I have a whole shpeal – is that how you spell it? Shpeal? You know what I mean, Dad. You’re a smart cookie. – about why I haven’t been around lately… I’m busy! The dogs! The (effing) cats! The HOUSE! The job.
But it doesn’t matter. Even if the excuses were good enough, it doesn’t matter.
Because today? Today is your day.
Today’s your birthday, Dad. And today, more than all the other days in the year (well, except maybe my birthday… and Christmas… and Thanksgiving… and that big football weekend when I lived in Pullman), you are on my mind and in my heart.
Because Dad? I really miss you.
I remember your jokes and your stories. The way you’d build a fort with the boys and have rubber band wars. I remember an email you sent me, terrified your sister was going to kill you or the dog (or both) when she discovered her tomato plants were destroyed.
I remember a lot about you, Dad. I remember every day. But mostly, I remember your love. I remember how much you cared about me and how you told me that, every time I saw you or talked to you. I remember that I really never got to see you or talk to you enough, but I remember you always tried.

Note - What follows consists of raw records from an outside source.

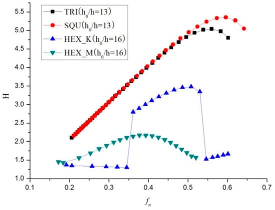 Next, the dependence of H on fn for the three lattice types is displayed in Figure 6. The four curves correspond to different lattice types with different values of h0/h. We can see that the largest H of 5.3 occurs at fn = 0.6 in the square structure. At low frequencies, the wave interference is not obvious for any given lattice type so the enhancement is not significant. It can be seen, that larger H appears when fn is larger than 0.32. Overall, the H for the hexagonal lattice type is appreciably less as compared to the other two.
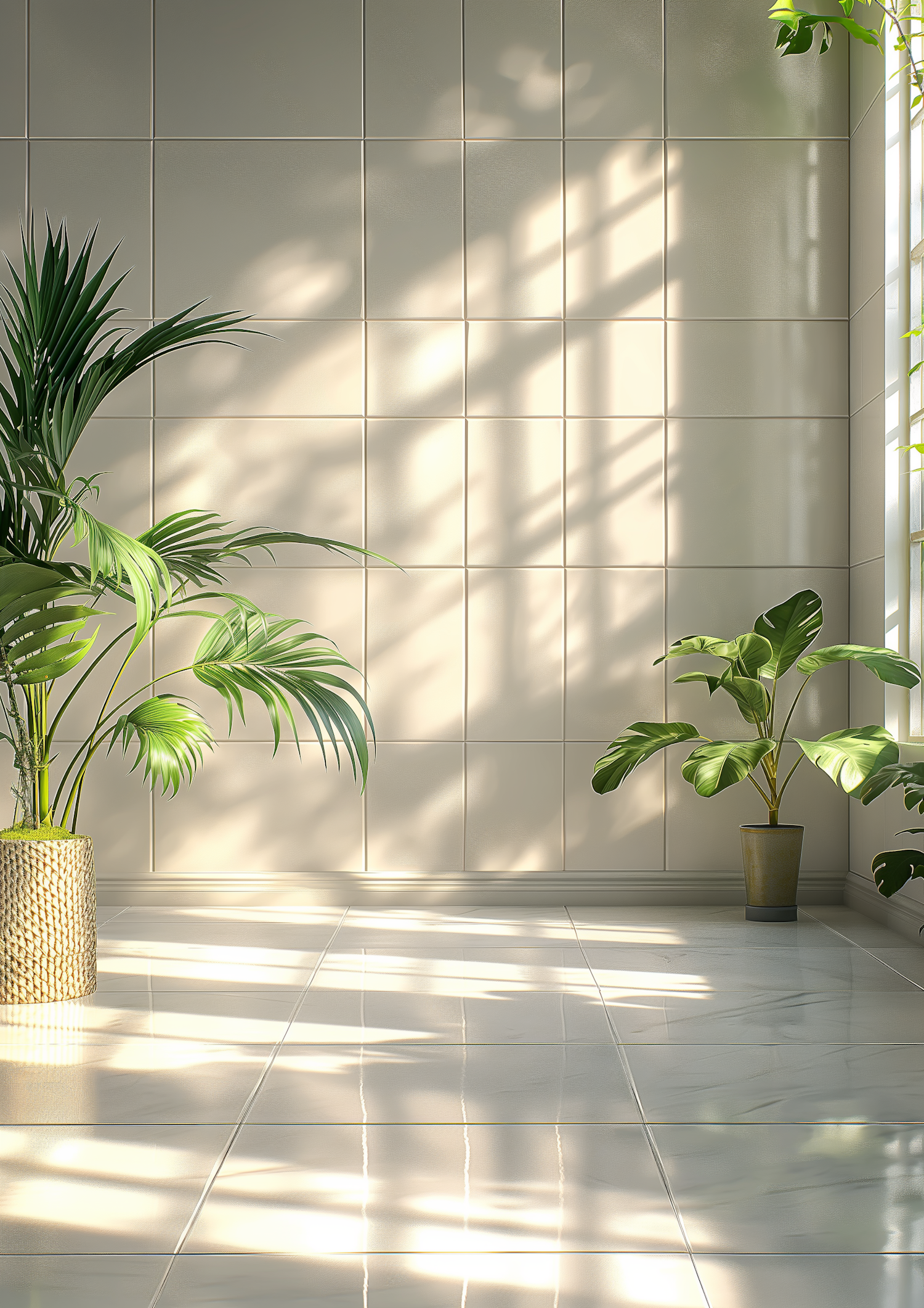 Sunlit room with cream tiles and vibrant green potted plants, creating a serene and natural atmosphere with soft shadows.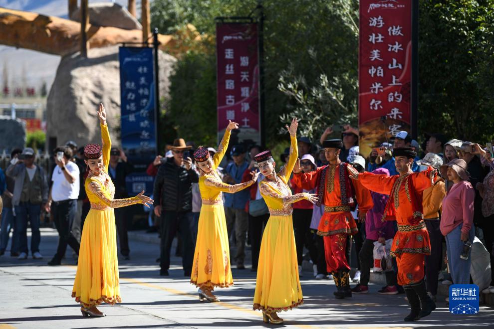 在新疆塔什庫爾干塔吉克自治縣帕米爾旅游區游客服務(wù)中心,文工團演員跳舞歡迎游客(8月29日攝)。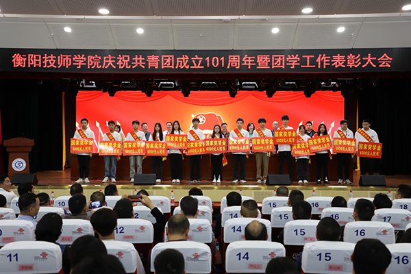 5月10日下午,衡陽技師學院慶祝共青團成立101周年暨團學工作表彰大會在公共實訓基地11樓多功能報告廳舉行。大會表彰了學院紅旗團總支、志愿服務先進集體、紅旗團支部、優(yōu)秀班集體、優(yōu)秀青年教工、優(yōu)秀志愿者、優(yōu)秀共青團員、優(yōu)秀共青團干部、三好學生、優(yōu)秀學生干部、國家獎學金獲得者、捐獻造血干細胞特別貢獻獎。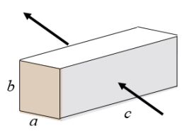 2. 有一塊導電材料,其 3 個周邊的尺寸分別為 a =10 cm,b =10 cm,c =30 cm 如下圖所示,電阻係數為 ρ = 0.005 m-Ω,則電流流經該導電材料的方向如圖示箭頭方向時,其電阻為多少?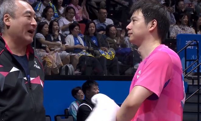 第四局一上来,樊振东连得3分。周雨叫了暂停,在暂停的时候,周雨跟教练表示:“真不好打。”教练安慰他要狠一点,放开了打,输了就输了。周雨最后嘟囔了一句:“想赢一局。”央视解说员高菡笑着表示:“可能周雨赛前给自己定下的目标是赢一局。现在他要狠一点,多一点搏杀。”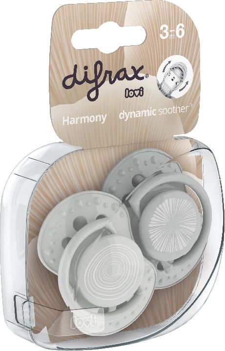 Harmony is een collectie die verwijst naar de trends zoals minimalisme, rust en verbondenheid met de natuur. Het zuiggedeelte van de fopspeen is dynamisch en is opgebouwd uit meerdere siliconenlagen van verschillende diktes. Dankzij deze lagen beweegt de top van het zuiggedeelte mee met het natuurlijke zuigritme.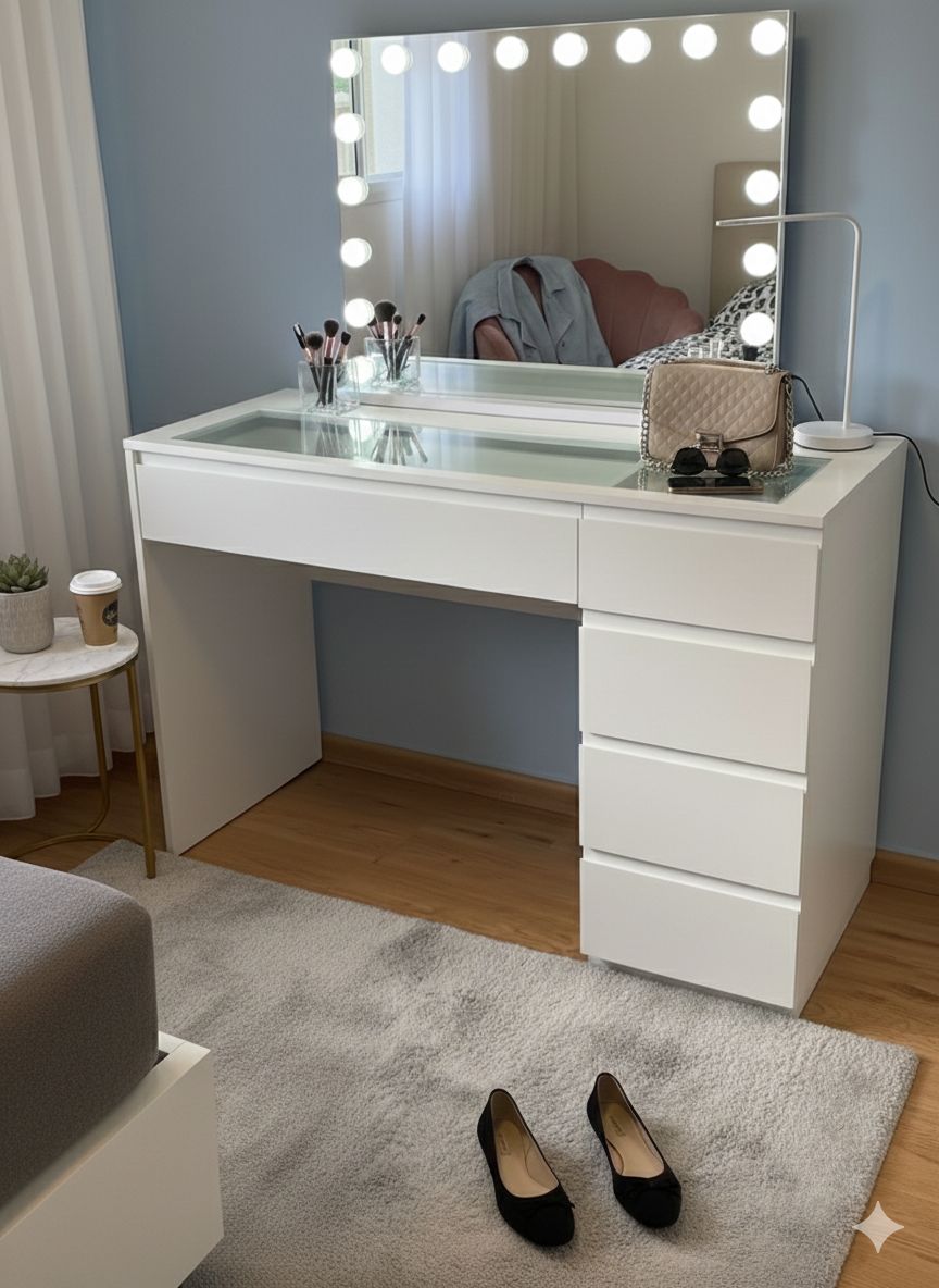 שידת איפור דגם אירמז מעניקה שילוב מושלם בין פרקטיות לאסתטיקה.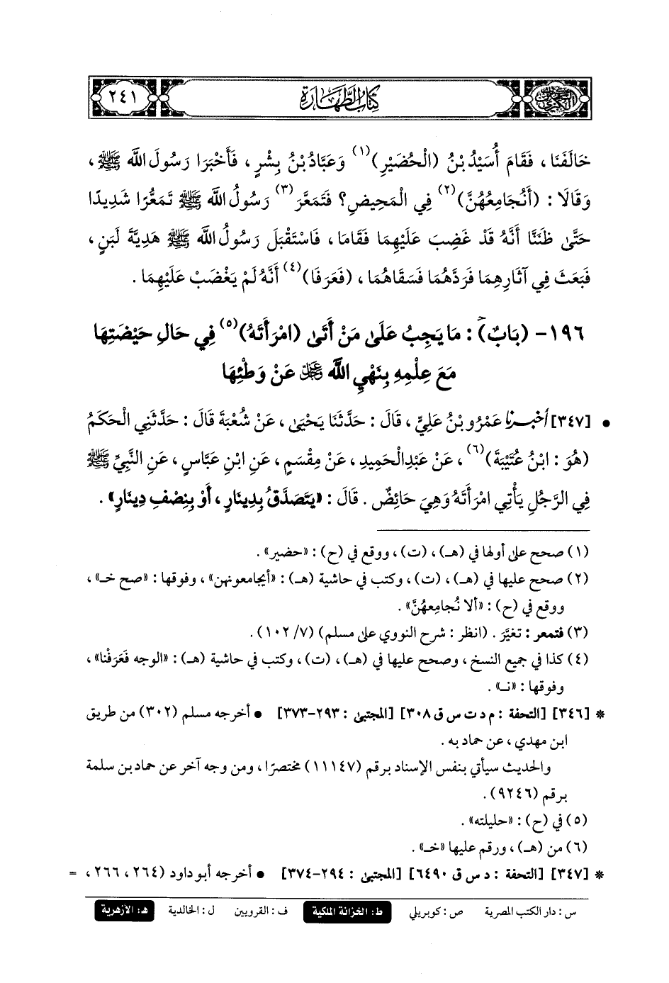 347- أَخبَرنا عَمرُو بنُ عَليٍّ، قَالَ: حَدثنا يَحيَى، عَن شُعبَةَ، قَالَ: حَدَّثني الحَكَمُ هُوَ ابنُ عُتَيْبَةَ، عَن عَبدِ الحَمِيدِ، عَن مِقْسَمٍ، عَنِ ابنِ عَبَّاسٍ، عَنِ النَّبيِّ صَلى الله عَليه وسَلم فِي الرَّجُلِ يَأْتِي امْرَأَتَهُ وَهِيَ حَائِضٌ، قَالَ: يَتَصَدَّقُ بِدِينَارٍ، أَوْ بِنِصْفِ دِينَارٍ.

Sometimes I’m afraid I don’t remember enough about you, Dad$ I’m scared I’ll forget you, slowly, a little bit at a time, as the years pass by. But I refuse to sit back and just let that happen. No sir, not on my watch. Especially on days like today. Your day.
I should probably go now, Dad, before I start to REALLY cry, but I just wanted to say I love you, miss you, and think about you. Every. Day.
(And if you think I’m exaggerating, you should talk to The Boy about it. He’ll tell you.)